R. Doc. Nos. 164-5, at 8; 164-6, at 8.
Seven personal injury claimants (“claimants”) asserted claims in the instant matter against, inter alia, Aries Marine Corporation (“Aries”) and Fugro USA Marine, Inc. (“Fugro”). Six of the claimants were employees of Fluid Crane, and one was an employee of United Fire. Both Aries and Fugro are “Third Party Contractors” within the meaning of the contracts. Aries and Fugro both asserted entitlement to defense and indemnification from Fluid Crane and United Fire, based on the contracts described above.
The Court recently determined that, while the indemnification provisions of the above-described contracts are unenforceable, the defense provisions may be enforced by parties ultimately found free of fault. In the instant motion, Fluid Crane requests that this Court order that these defense obligations be shared equally by Fluid Crane and United Fire, regardless of the fact that only one of the seven personal injury claimants was an employee of United Fire.
R. Doc. No. 241.
II. STANDARD OF LAW
Summary judgment is proper when, after reviewing the pleadings, the discovery and disclosure materials on file, and any affidavits, a court determines that there is no genuine dispute of material fact and the movant is entitled to judgment as a matter of law. Fed.R.Civ.P. 56(a). “[A] party seeking summary judgment always bears the initial responsibility of informing the district court of the basis for its motion, and identifying those portions of [the record] which it believes demonstrate the absence of a genuine issue of material fact.” Celotex Corp. v. Catrett, 477 U.S. 317, 323 (1986). The party seeking summary judgment need not produce evidence negating the existence of a material fact; it need only point out the absence of evidence supporting the other party's case.
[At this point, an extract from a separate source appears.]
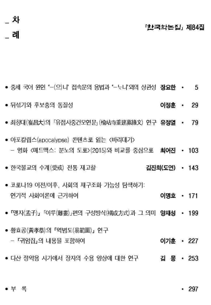 『한국학논집』84집이 2021년 9월 30일자로 발간되었습니다. 『한국학논집』83집에 게재된 논문은 아래와 같으며 논문 원본은 한국학연구원 홈페이지

Id.; see also Fontenot v. Upjohn Co., 780 F.2d 1190, 1195-96 (5th Cir. 1986) (“There is no sound reason why conclusory allegations should suffice to require a trial when there is no evidence to support them even if the movant lacks contrary evidence.”).
Once the party seeking summary judgment carries that burden, the nonmoving party must come forward with specific facts showing that there is a genuine dispute of material fact for trial. See Matsushita Elec. Indus. v. Zenith Radio Corp., 475 U.S. 574, 587 (1986). The showing of a genuine issue is not satisfied by creating “‘some metaphysical doubt as to the material facts,' by ‘conclusory allegations,' by ‘unsubstantiated assertions,' or by only a ‘scintilla' of evidence.” Little v. Liquid Air Corp., 37 F.3d 1069, 1075 (5th Cir. 1994) (citations omitted). Rather, a genuine issue of material fact exists when the “evidence is such that a reasonable jury could return a verdict for the nonmoving party.” Anderson v. Liberty Lobby, Inc., 477 U.S. 242, 248 (1986).
If the movant demonstrates the absence of a genuine issue of material fact, the nonmovant must then articulate specific facts showing a genuine issue and point to supporting, competent evidence that may be presented in a form admissible at trial. See Lynch Props., Inc. v. Potomac Ins. Co., 140 F.3d 622, 625 (5th Cir. 1998); Fed.R.Civ.P. 56(c)(1)(A), (c)(2). These facts must create more than “some metaphysical doubt as to the material facts.” Matsushita, 475 U.S. at 586. “A non-movant will not avoid summary judgment by presenting “speculation, improbable inferences, or unsubstantiated assertions.” Lawrence v. Fed. Home Loan Mortg. Corp., 808 F.3d 670, 673 (5th Cir. 2015) (quotation and citation omitted). If the nonmovant fails to meet their burden of showing a genuine issue for trial that could support a judgment in favor of the nonmovant, summary judgment must be granted. See Little, 37 F.3d at 1075-76.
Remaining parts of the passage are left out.